■ **ASSIGNED TASK**
Exactly as they appear below, repeat the lines from the one with "Первые крашеные в" through the one with "分析一件專利的申請來源國及對". Drop every picture.

■ **DATA FOR PROCESSING**
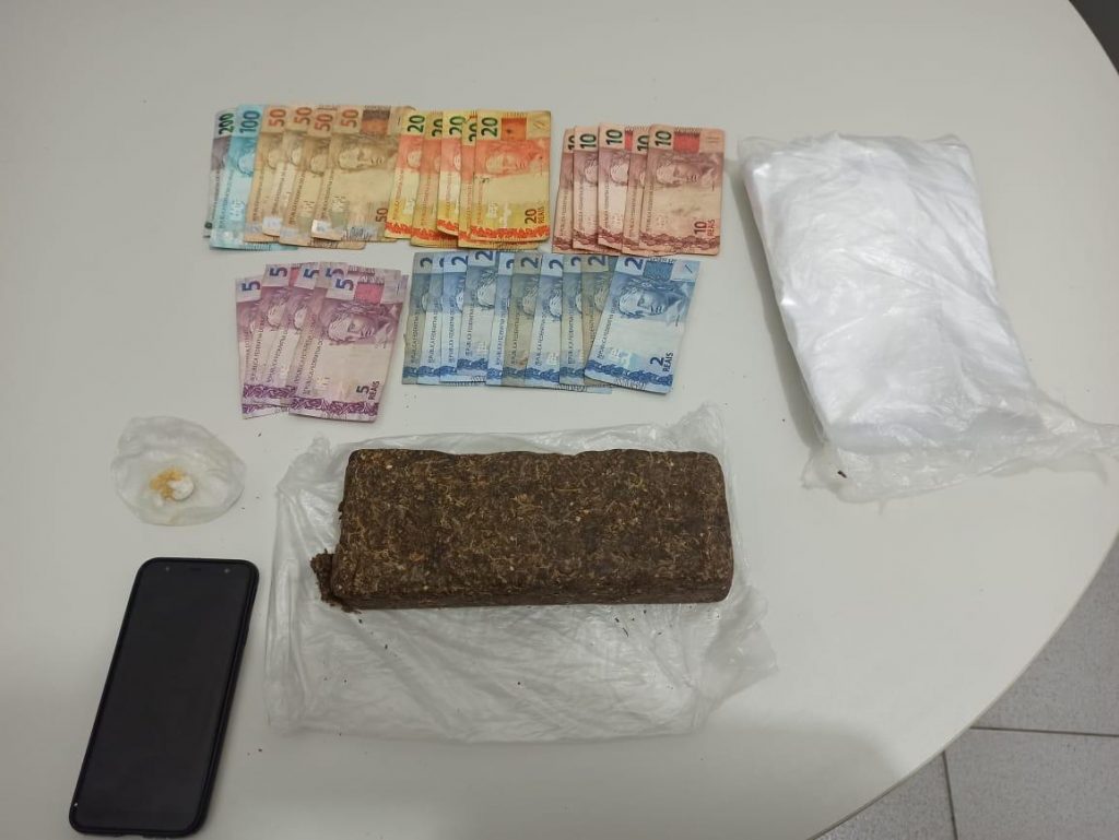 Com o investigado, os policiais apreenderam um tablete de substância semelhante à maconha, uma porção contendo substância semelhante ao crack; além de R$ 715 em notas fracionadas.
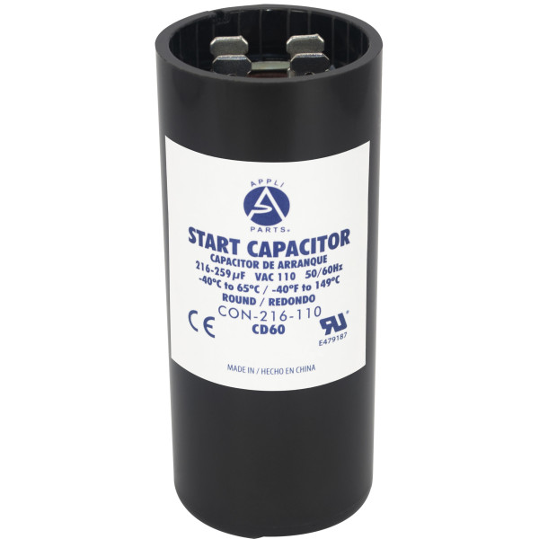 Appli Parts CON-216-110 Motor Start Capacitor 216-259 MFD uF, 110-125 VAC. Universal for Electric Motor Applications, 1.44 in Wide, 3.38 in Height
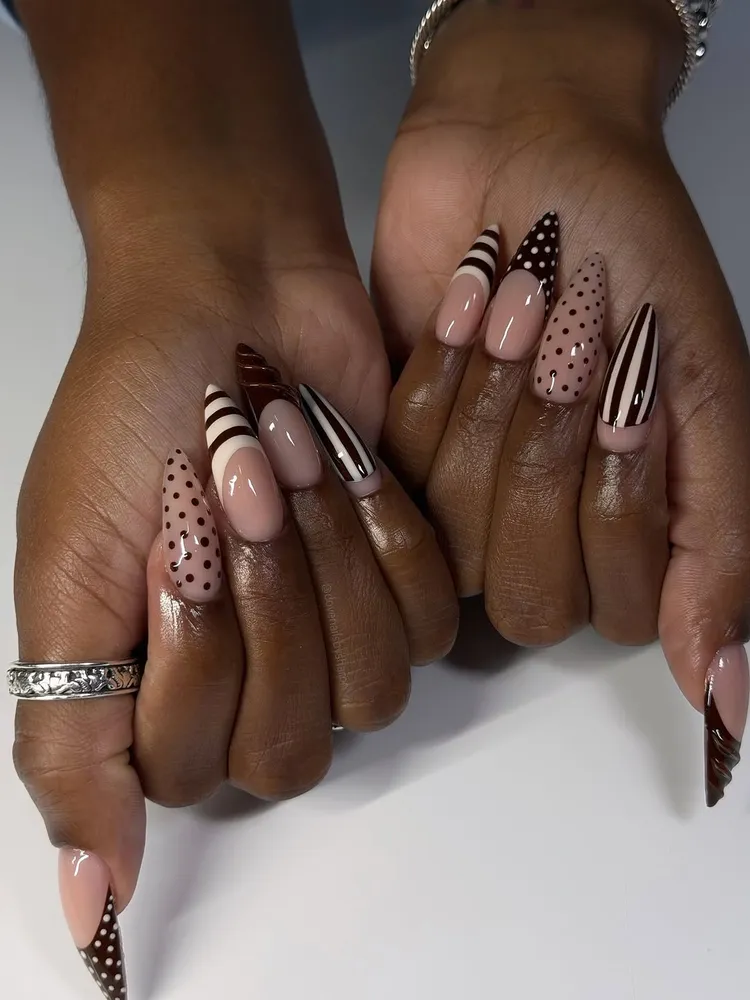 This manicure mixes many prints like brown dots, stripes, and French tips. Clear gel details make the design look detailed and unique.
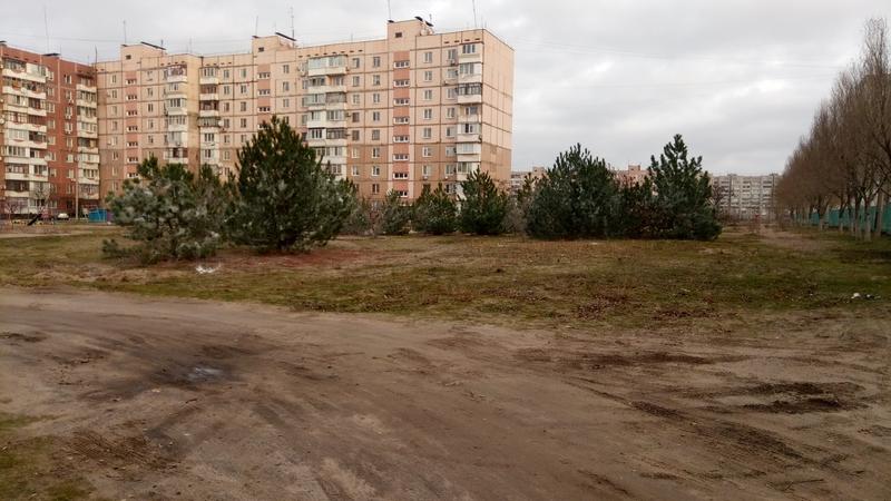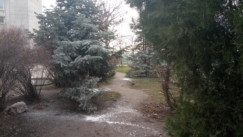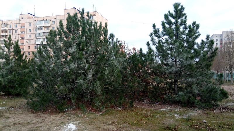 Первые крашеные в белый цвет елки и сосны, замечены сегодня, 12 декабря, на территории гимназии №107 и на прилегающей к ней территории.
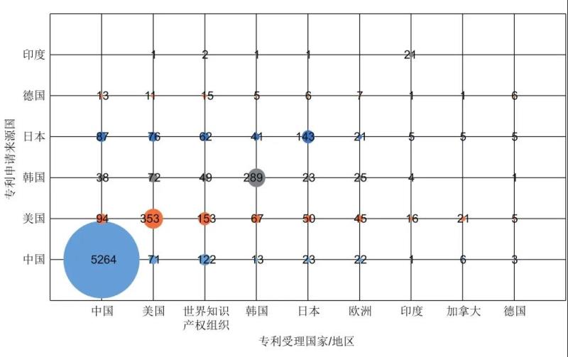 分析一件專利的申請來源國及對應(yīng)的專利受理國,可以知道專利技術(shù)的輸入輸出情況(機(jī)構(gòu))。如圖3所示,中國申請人(機(jī)構(gòu))在本國的申請量最大,在海外的申請量比例明顯偏低。美國、韓國和日本申請人(機(jī)構(gòu))在本國和海外均有較多的專利申請。各國均較為重視在美國的專利布局,通過世界知識(shí)產(chǎn)權(quán)局提交專利申請是各國進(jìn)行海外專利布局的重要途徑。
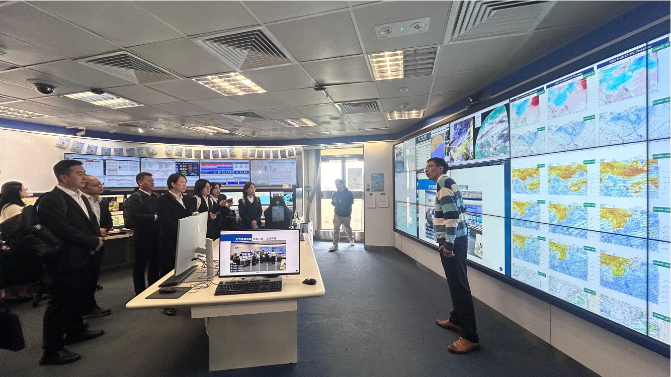 其中,香港天文台特別安排了一場內容豐富的交流學習活動,專家團隊走進氣象中心、歷史室與氣象儀器館,探秘被譽為天氣預報「最強大腦」的氣象運算體系,直觀感受先進氣象科技在災害預警中的應用;由莫偉健高級科學主任介紹香港天文台臨近預報系統的技術原理與運行機制,使專家團隊更加清晰理解香港在極端天氣應對方面的實時監測與快速響應能力。

■ **RESULT FOR THIS EXERCISE**
 Первые крашеные в белый цвет елки и сосны, замечены сегодня, 12 декабря, на территории гимназии №107 и на прилегающей к ней территории.
 分析一件專利的申請來源國及對應(yīng)的專利受理國,可以知道專利技術(shù)的輸入輸出情況(機(jī)構(gòu))。如圖3所示,中國申請人(機(jī)構(gòu))在本國的申請量最大,在海外的申請量比例明顯偏低。美國、韓國和日本申請人(機(jī)構(gòu))在本國和海外均有較多的專利申請。各國均較為重視在美國的專利布局,通過世界知識(shí)產(chǎn)權(quán)局提交專利申請是各國進(jìn)行海外專利布局的重要途徑。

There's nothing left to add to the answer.